Assignment: Return each line of the listing below, unchanged, and omit the images.
===== Dataset extract =====
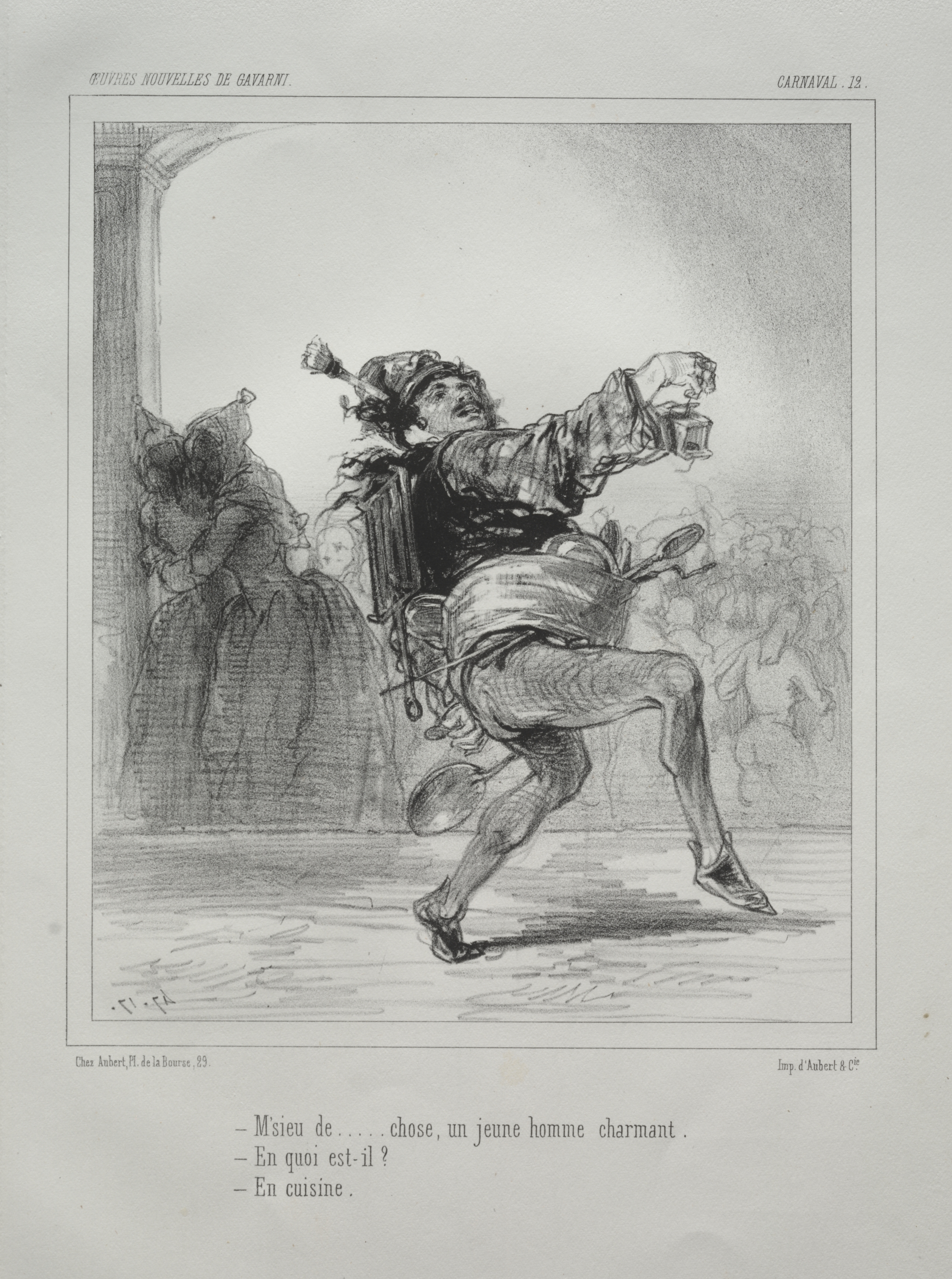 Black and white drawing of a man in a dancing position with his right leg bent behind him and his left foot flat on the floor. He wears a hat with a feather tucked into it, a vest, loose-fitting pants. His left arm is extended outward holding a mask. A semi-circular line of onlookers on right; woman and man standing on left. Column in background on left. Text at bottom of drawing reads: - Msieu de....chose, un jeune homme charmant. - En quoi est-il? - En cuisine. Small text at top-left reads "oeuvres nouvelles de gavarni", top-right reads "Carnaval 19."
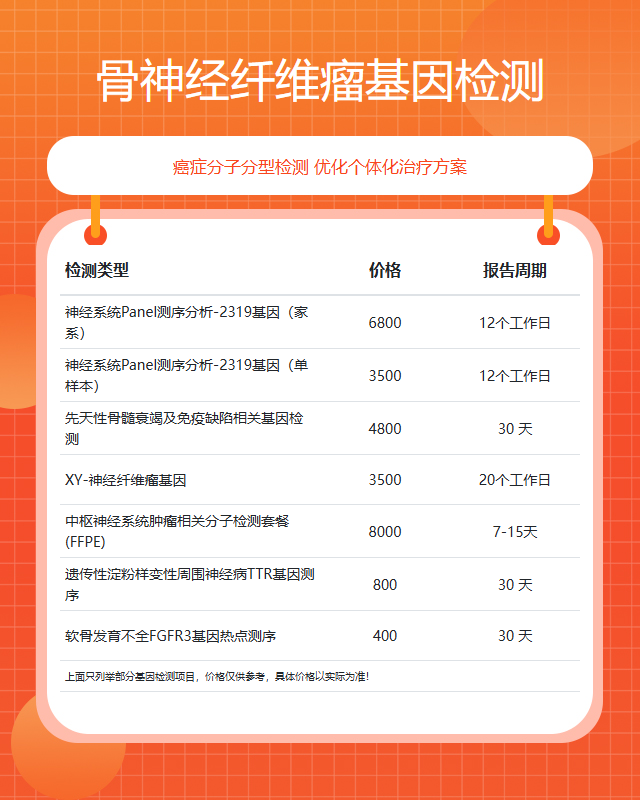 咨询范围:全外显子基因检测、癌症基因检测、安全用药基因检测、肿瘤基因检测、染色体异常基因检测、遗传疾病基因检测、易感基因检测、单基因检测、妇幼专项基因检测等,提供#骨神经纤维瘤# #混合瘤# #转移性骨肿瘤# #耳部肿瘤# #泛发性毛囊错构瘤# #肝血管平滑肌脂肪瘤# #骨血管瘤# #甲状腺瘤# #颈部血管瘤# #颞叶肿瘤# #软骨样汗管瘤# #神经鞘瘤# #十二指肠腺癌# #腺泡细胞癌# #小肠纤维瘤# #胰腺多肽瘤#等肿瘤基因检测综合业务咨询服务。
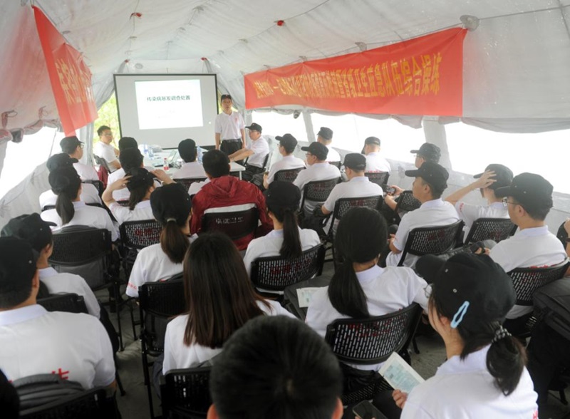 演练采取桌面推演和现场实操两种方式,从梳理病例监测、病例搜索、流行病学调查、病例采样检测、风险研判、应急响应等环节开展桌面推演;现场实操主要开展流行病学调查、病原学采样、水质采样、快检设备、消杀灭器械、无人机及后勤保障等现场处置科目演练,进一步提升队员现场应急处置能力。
=====
Your response:
 Black and white drawing of a man in a dancing position with his right leg bent behind him and his left foot flat on the floor. He wears a hat with a feather tucked into it, a vest, loose-fitting pants. His left arm is extended outward holding a mask. A semi-circular line of onlookers on right; woman and man standing on left. Column in background on left. Text at bottom of drawing reads: - Msieu de....chose, un jeune homme charmant. - En quoi est-il? - En cuisine. Small text at top-left reads "oeuvres nouvelles de gavarni", top-right reads "Carnaval 19."
 咨询范围:全外显子基因检测、癌症基因检测、安全用药基因检测、肿瘤基因检测、染色体异常基因检测、遗传疾病基因检测、易感基因检测、单基因检测、妇幼专项基因检测等,提供#骨神经纤维瘤# #混合瘤# #转移性骨肿瘤# #耳部肿瘤# #泛发性毛囊错构瘤# #肝血管平滑肌脂肪瘤# #骨血管瘤# #甲状腺瘤# #颈部血管瘤# #颞叶肿瘤# #软骨样汗管瘤# #神经鞘瘤# #十二指肠腺癌# #腺泡细胞癌# #小肠纤维瘤# #胰腺多肽瘤#等肿瘤基因检测综合业务咨询服务。
 演练采取桌面推演和现场实操两种方式,从梳理病例监测、病例搜索、流行病学调查、病例采样检测、风险研判、应急响应等环节开展桌面推演;现场实操主要开展流行病学调查、病原学采样、水质采样、快检设备、消杀灭器械、无人机及后勤保障等现场处置科目演练,进一步提升队员现场应急处置能力。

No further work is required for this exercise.